Seit Jahren sei zu beobachten, dass die Veranstaltung zu Diskussionen führe. Die Meinung sei unter den Unternehmen in der Innenstadt gespalten. Das liege auch daran, dass nicht geklärt sei, wofür die Einkaufssonntage eigentlich gut sein sollen und wofür sie stehen. Während ein Teil der Unternehmen sie als Werbung und Imagepflege betrachte, erwartet der andere Teile einen einen wirtschaftlichen Effekt.
Brandstetter sieht die Sonntage als eine gute Gelegenheit für den stationären Einzelhandel, um sich in der eigenen Stadt, aber auch Menschen aus dem Umland zu präsentieren. Allerdings seien die gesetzlichen Hürden mittlerweile hoch. Es müsse eine Veranstaltung geben, die mehr Besucher anziehe, als die Öffnung der Läden. Außerdem dürfen nur Geschäfte rund um diese Veranstaltung überhaupt öffnen. Damit seien Unternehmen in Gewerbegebieten und am Rande der Stadt schon direkt ausgeschlossen. Das erhöhe die Attraktivität nicht. Rechtssichere, verkaufsoffene Sonntage seien daher sowieso nur möglich, wenn sie an eine von der Stadt durchgeführte Veranstaltung angeknüpft sind. Das Pflasterart-Straßenkunstfestival sei ein gutes, positives Beispiel. Die Stadtverwaltung schließt es derweil aus, für gleich vier Einkaufssonntage den Rahmen zu ermöglichen „Was wir machen, geht schon über das hinaus, was andere Städte bieten“, stellt Heesch klar.

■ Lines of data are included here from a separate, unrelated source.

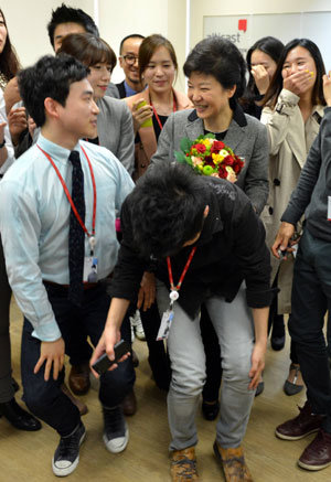 朴槿惠总统12日访问了位于首尔瑞草区瑞草洞的信息技术(IT)风险投资公司傲科视讯公司(Alticast),并与其职员们拍照留念。在拍照过程中,其中一职员为了配合照片顺利拍摄,故意弯曲膝盖降低身高,灿烂的笑着。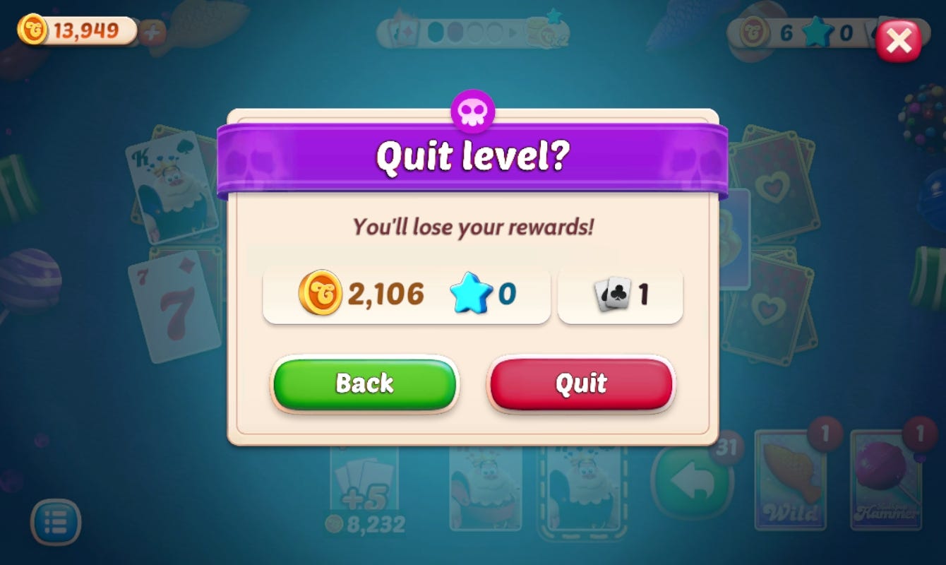 When a player wants to quit the game without completing a level, a loss aversion popup appears, showing the rewards the player will lose, something commonly seen in many other games, regardless of the genre.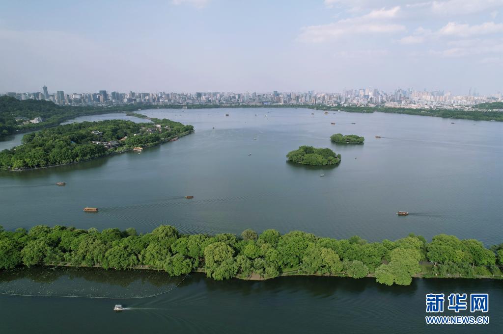 這是5月7日拍攝的杭州西湖景色(無人機照片)。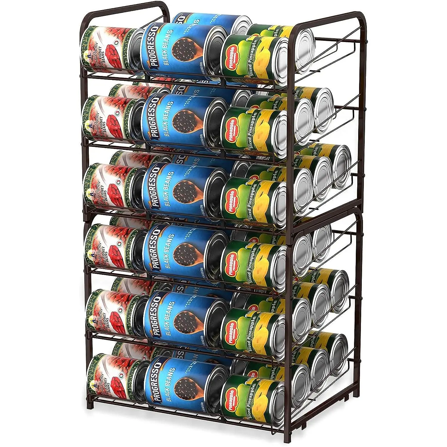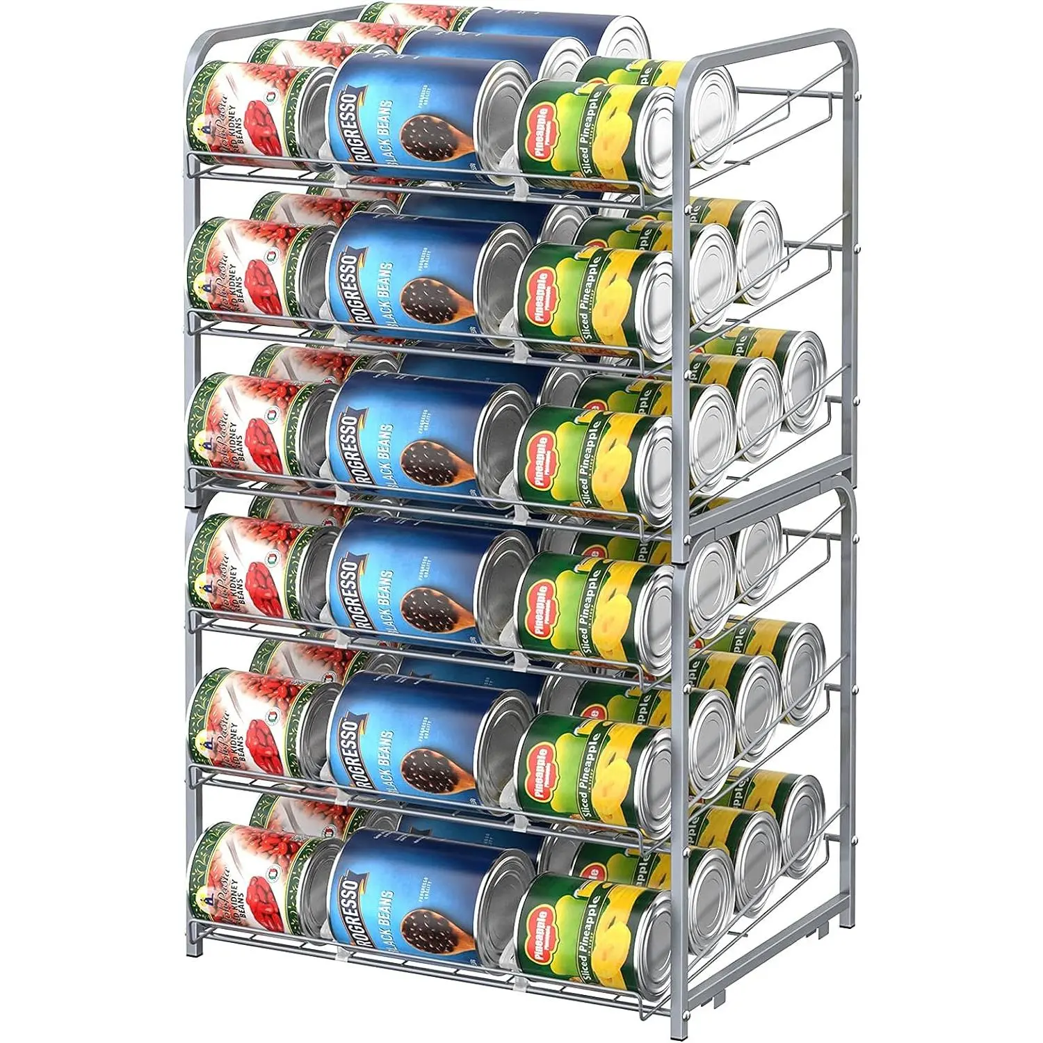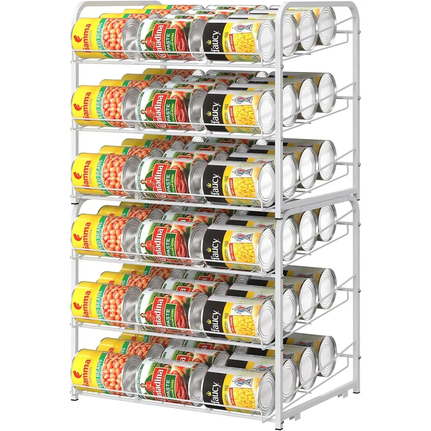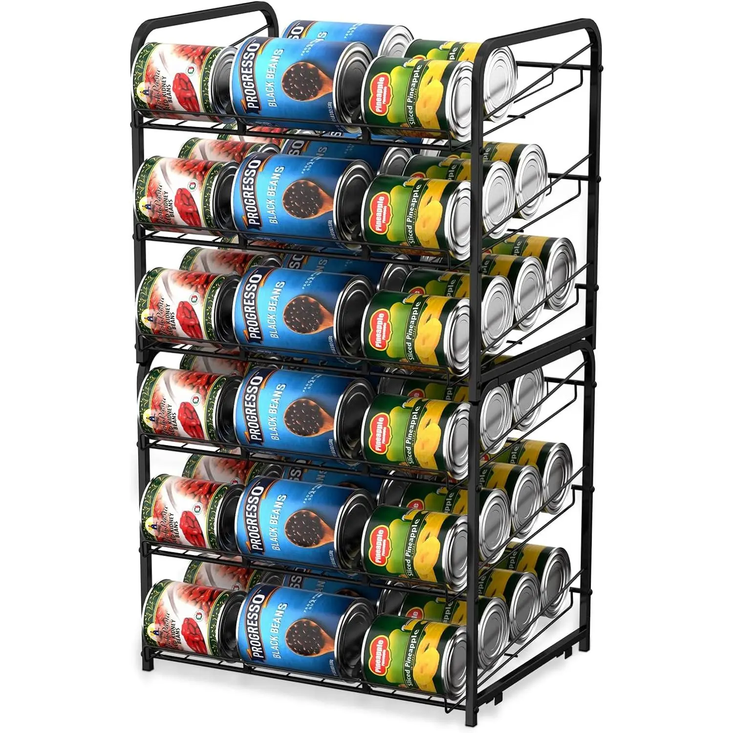 BETTER ORGANIZATION:Stackable can rack organizer storage up to 72 can or variety size can/jars; Make your kitchen/pantry cabinets tidy and better organized with quick access to easily viewable products in this can storage rack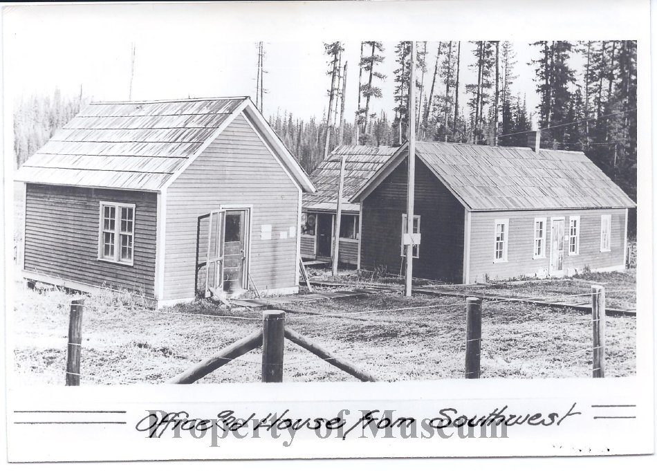 Image of a three buildings in a cluster.  Trees in the background and a fence in the foreground.  The screen door to the closest building is propped open.  On the lower margin of the image it is written "Office and House from Southwest"

Über Alternativen nachdenken
Brandstetter betont, dass die Wirtschaftsvereinigung es als notwendig erachte, sich über Alternativen zu dem bisherigen Konzept Gedanken zu machen. Man habe selbst mit einem „Danke-Tag“ an einem Sonnabend gute Erfahrungen machen können. Wichtig sei, dass bei solchen Aktionen möglichst alle Innenstadt-Unternehmen beteiligt seien und dass sie Aktionen anbieten, die über das tägliche Angebot hinausgehen.
Und da beißt sich die sprichwörtliche Katze in den Schwanz, denn genau daran hapert es aktuell, wie auch Steglich bestätigt. „Die Filialisten dürfen keine besonderen Aktionen machen und die inhabergeführten Geschäfte haben dafür nicht die Finanzen, das Personal und den Elan“, sagt er.
Er selbst zweifelt daran, dass der verkaufsoffene Sonntag zurückkommt, wenn er erstmal einige Male ausfallen sollte. „Ich habe mich daher 2022 nochmal breitschlagen lassen. Auch das Benefizkonzert für die Ukraine – das sehr erfolgreich war – hat mich gereizt. Das wollte ich gerne machen. Aber jetzt ist Schluss“, sagt Steglich.